Concept formation lessons can be highly motivational because students are
provided with an opportunity to participate actively in their own learning. In
addition, the thinking process involved helps them create new and expanded
meaning of the world around them as they organize and manipulate information
from other lessons and contexts in new ways.
How do I do it?
Concept formation involves the recognition that some objects or events belong
together while others do not. Students are provided with data about a particular
concept and are encouraged to classify or group the data. Once the objects have
been grouped according to a particular categorization scheme, the grouping is given
a label. This type of strategy could be used when identifying different terminology
of computer software applications. Teachers may ask students to identify and list a
number of items found in a setting, group the items that belong together using
common characteristics, label the groupings, and rearrange and relabel items into
subgroups, if students feel that is possible. The teacher is the initiator of the
activity and guides students as they move cooperatively through the task.
SYNECTICS
What is Synectics?
The term Synectics from the Greek word synectikos which means "bringing
forth together" or "bringing different things into unified connection." Since
creativity involves the coordination of things into new structures, every
creative thought or action draws on synectic thinking.

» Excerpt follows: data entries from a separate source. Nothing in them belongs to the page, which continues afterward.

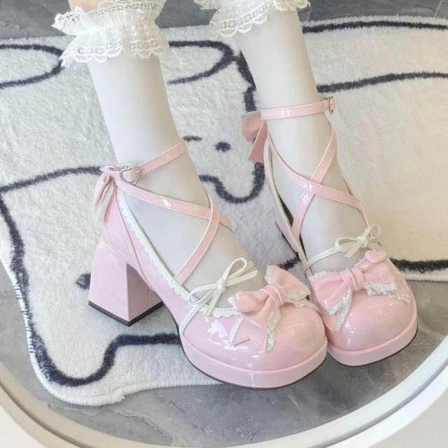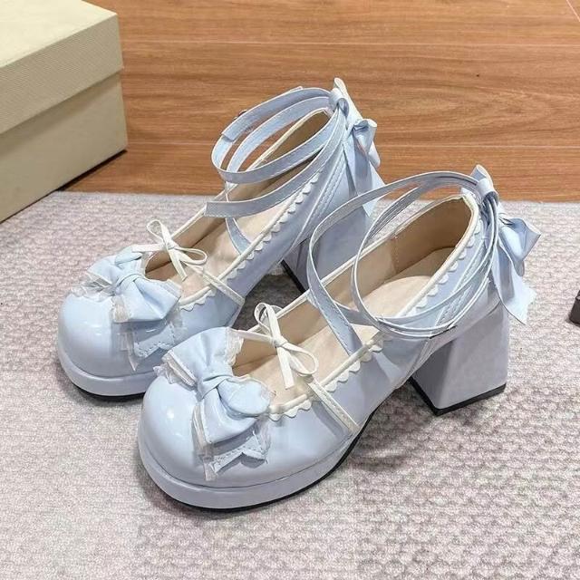 女鞋 實拍 上新洛麗塔粗跟防水臺鞋可愛瑪麗珍高跟鞋綁帶
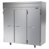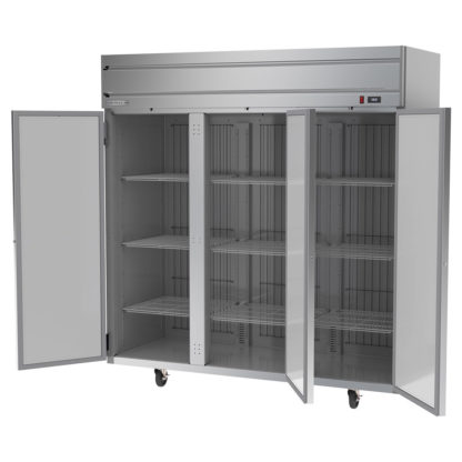 Horizon Series Freezer, reach-in, three-section, 78″W, 85″ H, 69.1 cu. ft. capacity, (1) center solid door right-hand hinged, (1) right solid door right-hand hinged, (1) left solid door left-hand hinged, door locks, (9) adjustable shelves, electronic control, LED interior lighting, digital display, expansion valve technology, automatic defrost, top-mounted self-contained refrigeration, R290 Hydrocarbon refrigerant, stainless steel front, gray painted sides, aluminum interior, (2) 3/4 HP, cULus, UL EPH Classifed, UL-Sanitation, Made in USA
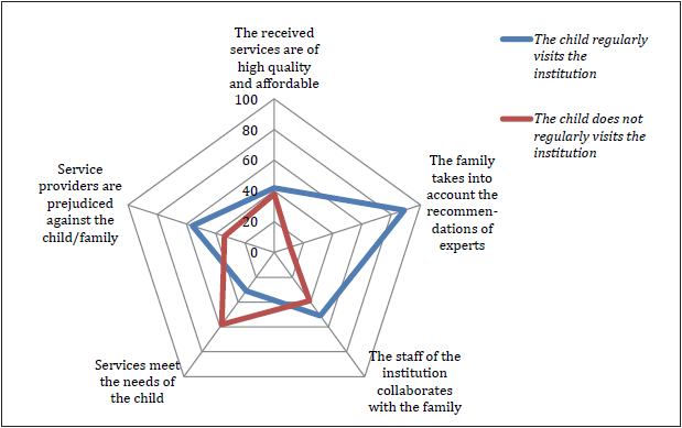 All respondents noted that access to the services and social support is an important factor in the quality of life of a family raising a child with autism. However, the analysis of the survey results demonstrates that more than half of the respondents (61%) indicated that their children regularly visit education, training and rehabilitation services (M = 2.9, SD = 1.2).
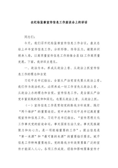 / 【七哥公文】2024年:在纪检监察宣传信息工作座谈会上的讲话+更多免费公文+VX:QiGeGongWen2024
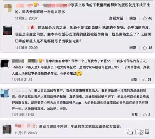 有网友表示:“他不是在为自己说话,而是为千千万万默默无闻地坚持音乐,却活在最底层的音乐人说话,并且实实在在地为他们做事”。另有网友更坚定地提出:“商业与理想不冲突,牛逼的艺术家就应该是亿万富翁。”
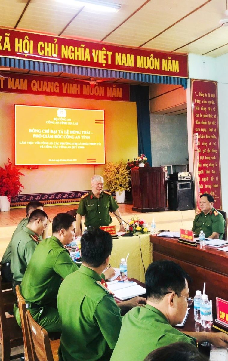 Chiều ngày 02/4/2026, tại trụ sở Công an phường Hoài Nhơn Nam, đồng chí Đại tá Lê Hồng Thái - Phó Giám đốc Công an tỉnh Gia Lai đã có buổi làm việc với Công an các phường (thuộc Thị xã Hoài Nhơn cũ) về tình hình công tác Công an Quý I/2026.
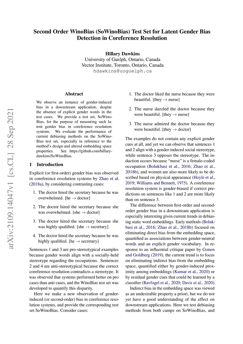 We observe an instance of gender-induced bias in a downstream application, despite the absence of explicit gender words in the test cases. We provide a test set, SoWinoBias, for the purpose of measuring such latent gender bias in coreference resolution systems. We evaluate the performance of current debiasing methods on the SoWinoBias test set, especially in reference to the method's design and altered embedding space properties. See https://github.com/hillarydawkins/SoWinoBias.
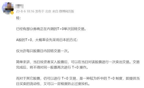 传闻提到,已经有部分券商正在内测T+0单次回转交易,A股的T+0,大概率会先采用日本的方式,即仅允许每只股票日内回转交易一次。
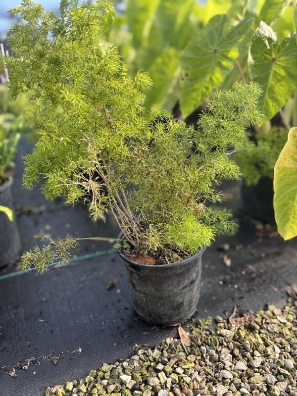 Ming Fern (Asparagus macowanii) is an elegant, evergreen ornamental plant known for its fine, feathery foliage that creates a soft, cloud-like appearance. Often used in floral arrangements or as an accent plant, its delicate yet sturdy growth habit adds a touch of refinement to gardens or indoor settings. This drought-tolerant plant thrives in well-drained soil and is a low-maintenance choice for shaded to sunny areas.
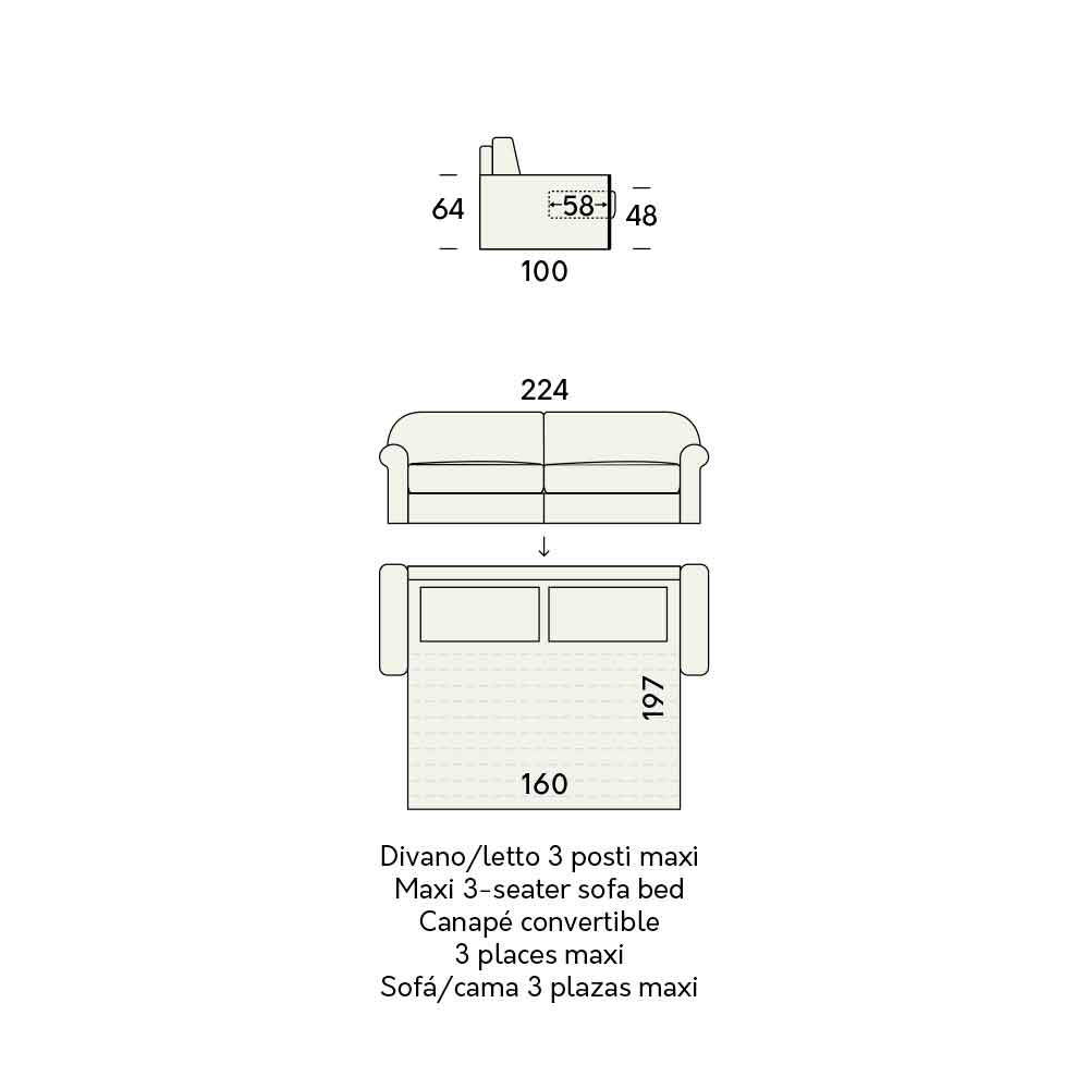 - Dł. 224 x gł. 100 x wys. 93 cm (materac: dł. 160 x gł. 197 x wys. 14 cm).

Synectic thinking is the process of discovering the links that unite seemingly
disconnected elements. It is a way of mentally taking things apart and
putting them together to furnish new insight for all types of problems. It is a
creative problem solving technique which uses analogies. This technique has
been developed by Gordon and Prince. The synectics method distinguishes 2
phases:
• Mobilises both sides of the brain, the right brain (the dreamer), and
the left brain (the reasoner)
How do I do it?
• First of all, you must identify the problem you have and write it down.
• Next, you must gather information about it to mix in with the
information already stored in the brain.